Толстяк остановился и обернулся. В комнате сразу стало очень тихо. Один из мексиканцев выключил кассетник.
— Ты со мной потише, парень, — мягко сказал Генри.
Подъехал какой-то грузовик. В запыленном окне сверкнул свет его фар. Уолкер и Генри обменялись взглядами. Уолкер неторопливо поднялся и так же неторопливо пошел к двери.
— Смотрите, чико. Наш Уолкер просто истосковался по своему белому дружку или кем он там ему приходится.
Один из подростков нервно рассмеялся и тут же оборвал смех.
Уолкер не оглядываясь вышел.
На улице уже рассвело. Из кабины грузовика вылез Фасио — костлявый парень с прыщавым лицом и длинными, до плеч, жесткими, точно проволока, волосами.
— Здорово, Сонни, — сказал Фасио.
— Как-нибудь я убью этого черного сукина сына!
— Кого?
Уолкер кивнул через плечо.
— Генри? — спросил Фасио. — С ним все в порядке, приятель.
— Как-нибудь я убью его.
— Забудь об этом, Сонни. — Фасио вытащил из кармана рубашки недокуренную сигару. Облизал и закурил ее.
— Ты хотел видеть меня, приятель. Поэтому я и вернулся. От самой типографии. — Он предложил горящий окурок Уолкеру, но тот отмахнулся.

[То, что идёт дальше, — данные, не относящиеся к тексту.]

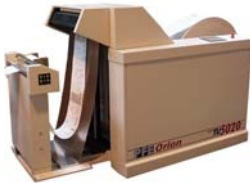
Model TU5020/AB Unwinder with Air Box (Full loop control for High Speed Inserter)
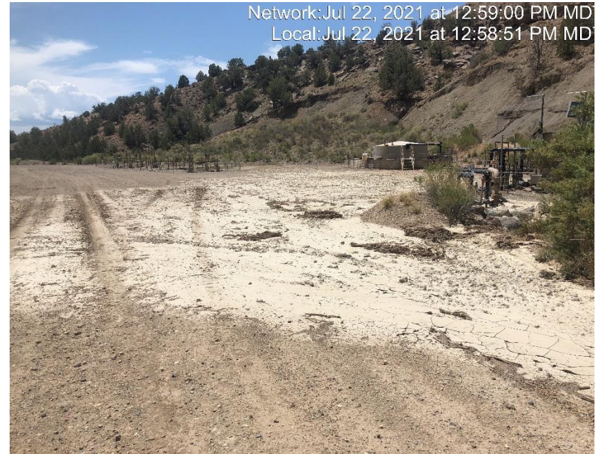
Photo #4550 Sediment and debris encroaching on production equipment.

— Мне надо что-нибудь подбадривающее. У тебя есть какие-нибудь пилюли?
— Нн-е-е-ет, — сказал Фасио, растягивая это слово на несколько слогов. — Никаких пилюль у меня нет. Но зато у меня есть вот это. — И он достал из своих грязных джинсов квадратный флакон.
— Что это?
— Дексамил. Сделано прямо здесь, в наших старых Соединенных Штатах. Отличное снадобье. Только глотнешь — и любого негра за пояс заткнешь. И никакой нервотрепки.
— Пилюли мне нравятся больше.
— Но у меня их нет. А эти капсулы будут подешевле.
— По сколько?
— По полтора доллара за штуку.
— Ну, ты дерешь.
— Что поделаешь, инфляция. — Фасио улыбнулся.
— И сколько их у тебя?
— Пятьдесят.
— Дай их мне, заплачу на следующей неделе.
— У меня не кредитный банк, приятель.
— Дай мне эти чертовы капсулы! — резко сказал Уолкер. — Заплачу в понедельник.
— О'кей, приятель, о'кей. Успокойся. Я тебе не Генри. На, возьми.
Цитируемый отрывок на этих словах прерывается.